6HrjY0BFB0yaFpdRVcxwR55ulZlw3R5OYjA3RrCI49w
Since the signature is based on the information stored in these objects, any tampering with this data will generate a completely different signature (and token). JWTs thereby come in extremely handy when we want to make sure the message has not been altered and when we need to check if the users are who they say they are.
Nonetheless, it is important to note that a JWT does not(!) encrypt your data. The header and payload strings can easily be decoded, allowing for anyone to see what is in them if they get access to it. You can try it yourself at jwt.io. This is the reason why (a) no sensitive information should be placed in these JSON objects, (b) the tokens should reside on the client side, and (c) transfers of tokens should always use the secure protocol HTTPS. It is also common practice to place an expiration time on these tokens as to invalidate them should someone get access to an old one. In short, these tokens are used to more easily transfer data (strings being quite easy to handle) and for verifying that the data has not been tampered with. Since the key is a super secret (because it verifies the user) it should not be hanging around in the code base somewhere hoping not to be found. Instead, that is a good use case for an environment variable.
Using Environment Variables to Store Secrets
Environment variables allow you to set different configuration settings depending on the environment. For instance, you might (and should) want to work with a separate database for your testing environment, have your app listen on different ports, or perhaps, as in this case, set a custom variable like a secret key to use when signing a token. In Node.js, these variables are accessed through:
process.env
The global object process
has a property env
which is an object where all your environment variables are stored. An easy and popular way of adding variables to this object is through a library called "dotenv". After installing it, require and configure this library as early as possible in your application.
require('dotenv').config()
Create a .env
file in your project’s root directory and add your variables in the format NAME=VALUE
. Let’s add our secret key variable.
// in root/.env
SECRET_KEY=mySecretKey
Hold on, didn’t I just say not to store these secrets in the code base? Don’t worry, we won’t be using that hardcoded value. We just want a name for it so that we can set that environment variable outside of the application (using a different key). In production, you should force the application process to shut down with a non-zero exit code if the secret key has not been set, meaning if it is “mySecretKey” in our case, using process.exit(0)
. To set the key, type from the command line:
// on Windows
set SECRET_KEY=shf678f7982HDi87udSHebrfou12
// on Mac and Linux
export SECRET_KEY=shf678f7982HDi87udSHebrfou12
Generating the JWT
Refocusing our attention on the JWT, let’s add the missing piece to our signin route handler, i.e. generating and returning the token (you can add the same additional code for the signup handler if you want the user to be logged in afterward).

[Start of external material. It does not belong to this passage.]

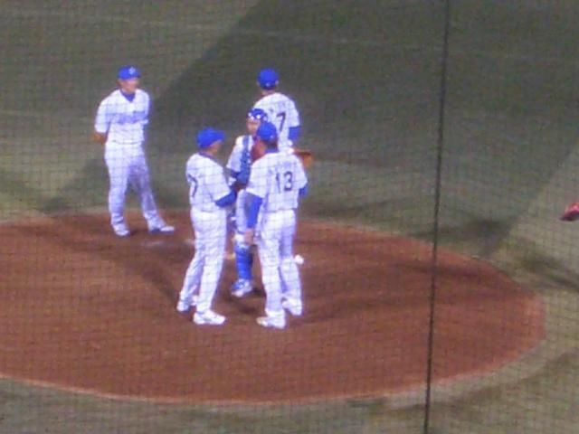 鶴岡ヒットで勝ち越しのチャンスに那須野がそのまま打席に。監督始めみな那須野に勝ちをつけて泣かせたいらしい。その那須野はありえない粘りながらも3邪飛。ぬるい試合の結ががぜん楽しみに。

For this, we will be using the "jsonwebtoken" library.
// sign in a user
const bcrypt = require('bcrypt');
const mongoose = require('mongoose');
const express = require('express');
const jwt = require('jsonwebtoken');
const User = require('./models/user');
const app = express();
app.use(express.json());
app.post('/api/signin', async (req, res) => {
try {
const { error } = validate(req.body);
if (error)
return res.status(400).send(error.message);
const user = await User.findOne({ email: req.body.email });
if (!user)
return res.status(400).send('Invalid email or password.');
const authenticated = await bcrypt.compare(
req.body.password, user.password
);
if (!authenticated)
return res.status(400).send('Invalid email or password.');
/* --------THIS IS WHERE WE LEFT OFF--------- */
// generate a JWT
const token = jwt.sign(
{
_id: user._id,
username: user.username,
isAdmin: user.isAdmin
},
process.env.SECRET_KEY, // access the environment variable
{ expiresIn: '1h' }
);
// return the token to the client
res.send(token);
}
catch (err) {
return res.status(500).send('Oops.. Something went wrong.');
}
});
The sign()
method follows the standard:
jwt.sign(payload, secretKey, [options, callback])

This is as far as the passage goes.